Along with his involvement in the film and entertainment industry, Lee has a number of
years experience in the business world. He is a graduate of the University of Toronto,
with a degree in Economics. His business experience includes 6 years in the financial
services industry as a consultant with a specialization in the brokerage and banking
sectors. He has been involved in a number of high profile transactions, providing
financial analysis and industry knowledge for his clients. He spent the majority of his
time between Toronto and New York City until leaving the financial industry to pursue
a career in the arts. It is the combination of the acting and business that led Lee to form
Resolute Films and Entertainment in 2006.

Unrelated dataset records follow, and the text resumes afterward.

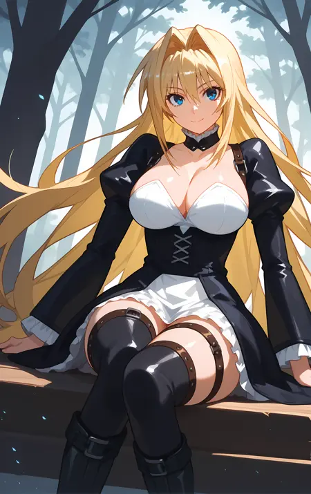 服装 → black_thighhighs, boots, choker, cleavage, dress, knee_boots, long_sleeves, skirt, thigh_strap, thighhighs, zettai_ryouiki,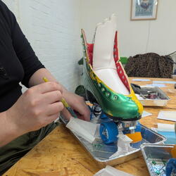 Give your old footwear a dazzling new life in our Shiny Shoe Workshop! This hands-on creative session teaches you how to transform tired, worn shoes into eye-catching, shimmering statement pieces using long lasting metallic transfer foils.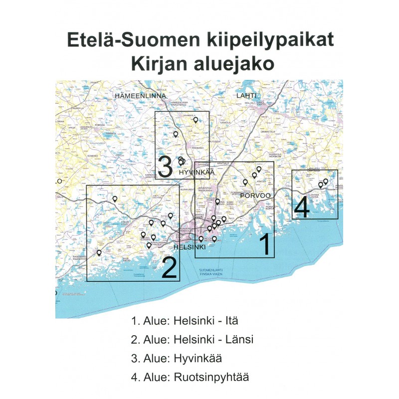Der erste von den dreibändigen Kletterführern über Finnland beinhaltet die Felsen rund um die Metropole Helsinki. Vorgestellt werden 28 Gebiete, die sich auf vier Regionen verteilen. Insgesamt kommt die Region auf ca. 600 abwechsulungsreiche Routen. Diese sind auf Fototopos eingezeichnet und die Gebiete mittels GPS-Koordinaten auch ohne Sprachkenntnisse zu finden. Für die Gebietsauswahl helfen Piktogramme sowie aussagekräftige Fotos.
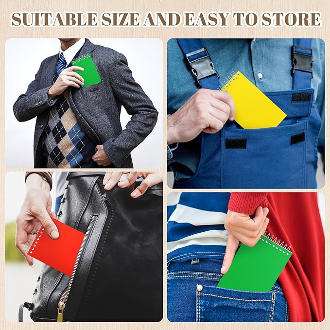 - Top Spiral Bound: each pocket memo pad adopts top spiral binding, so the page can lay flat for a more comfortable writing condition for right or left handed users; And the unobstructed spiral binding design won't hang up on clothes or backpacks, very thoughtful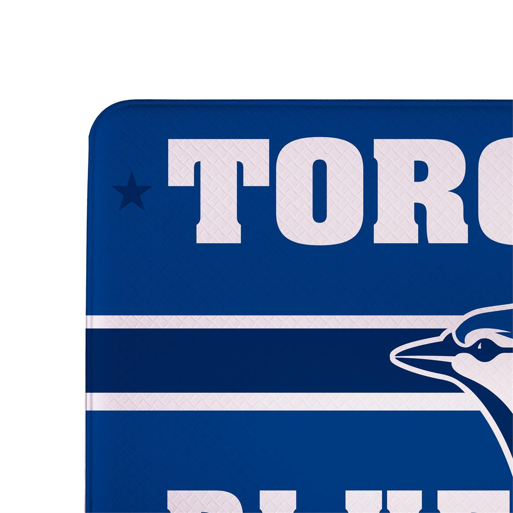 Show off your team spirit while enjoying comfort with the Toronto Blue Jays Anti-Fatigue Mat. Perfect for kitchens or workspaces, this mat offers support and reduces stress on your feet during long periods of standing. The vibrant team colors and logo make it a standout piece for any fan. Measuring 18"x30", it fits perfectly in front of counters or sinks, providing both function and fandom. Crafted from durable materials, this mat is designed to withstand everyday use while maintaining its bold look.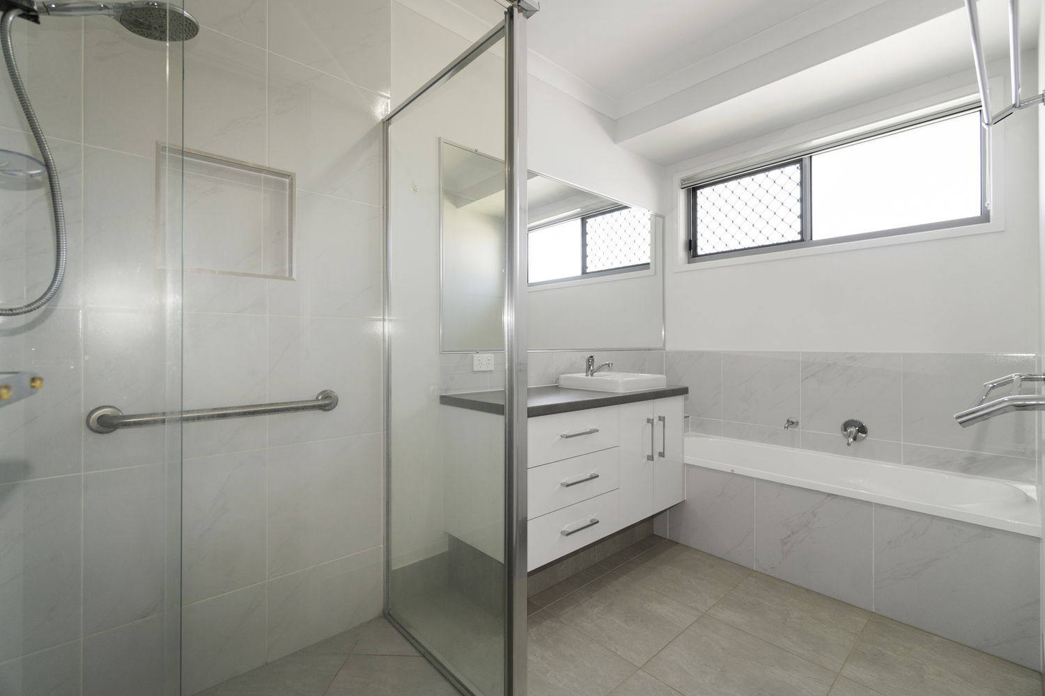The master bedroom is fitted with air conditioning, a ceiling fan and a large built-in wardrobe, while the bathroom includes a bathtub, separate toilet, and practical features like a niche and grab rails in the shower.

MICHA DAHAN (Cinematographer)
She is a Juno nominated music video Director/Cinematographer. He has shot and
directed videos for I Mother Earth, David Usher, Our Lady Peace, Holly MacNarland, and
Finger 11. In addition to music videos, Micha has shot commercials, short films,
documentaries, television shows; comedy, action, drama; special effects, and stopmotion animation. Recently he shot episodes of Urban Legends and Masterminds, and
videos for Breaking Benjamin, and Our Lady Peace.
RACHEL FORD (Production/Costume Designer)

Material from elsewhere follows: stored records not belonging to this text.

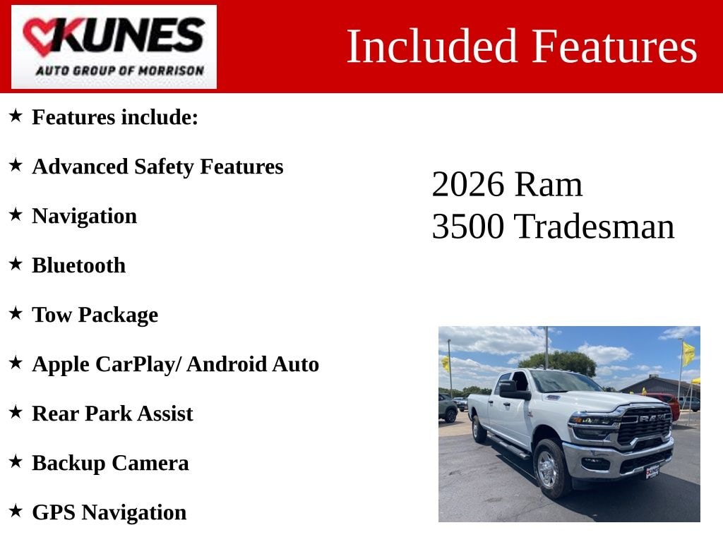 Bright White Clearcoat 2026 Ram 3500 Tradesman Features include:, Advanced Safety Features, Navigation, Bluetooth, Tow Package, Apple CarPlay/ Android Auto, Rear Park Assist, Backup Camera, 3500 Tradesman, 4D Crew Cab, 6.7L I6, 8-Speed Automatic, 4WD, Bright White Clearcoat, Black Cloth, Cold Weather Group, GPS Navigation, Quick Order Package 24A Tradesman, Tradesman Level 2 Equipment Group (DISC). Recent Arrival!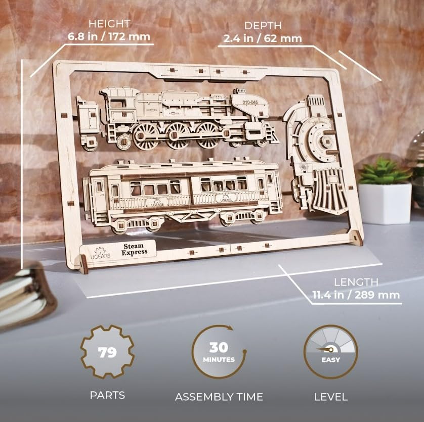 Ugears Steam Express Puzzle 70207 Деревянный 3D Не требуется клей или инструменты Craft 2.5D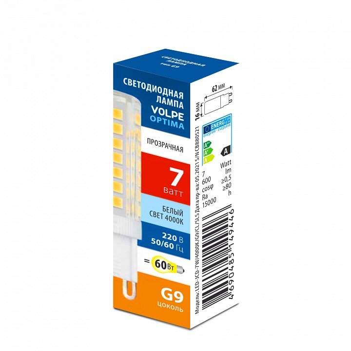 Главная Лампочки Лампа светодиодная Volpe OPTIMA G9 7Вт 4000K UL-00008654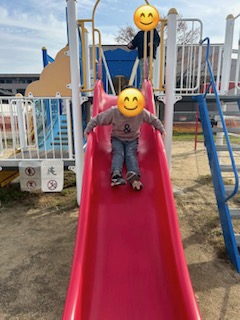 そして、昨日の自由に遊ぼうでは普段は室内やお庭で好きなことをお友だちと遊ぶのですが、この日はぽかぽか春の陽気だったので公園に行き思いっきり体を動かしました!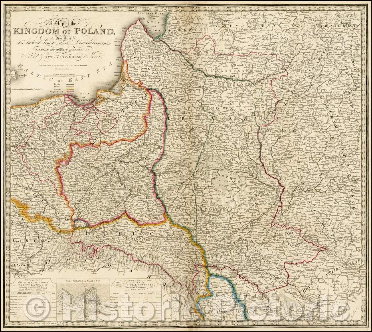 • .Historic Map - A Map of the Kingdom of Poland, Describing its Ancient Limits with the Dismemberments, 1815, James Wyld - Vintage Wall Art

She designs both costume and environments. Her production design credits include
Boundless, Outset and Chasing Aces. She has designed costumes for both stage and screen
including Smart Woman Survival Guide, Design Rivals, The House, and Bounded Pairs. Her
stage credits include The Bible and Romeo & Juliet Remixed, which garnered her a Dora
Award Nomination for Outstanding Costume Design.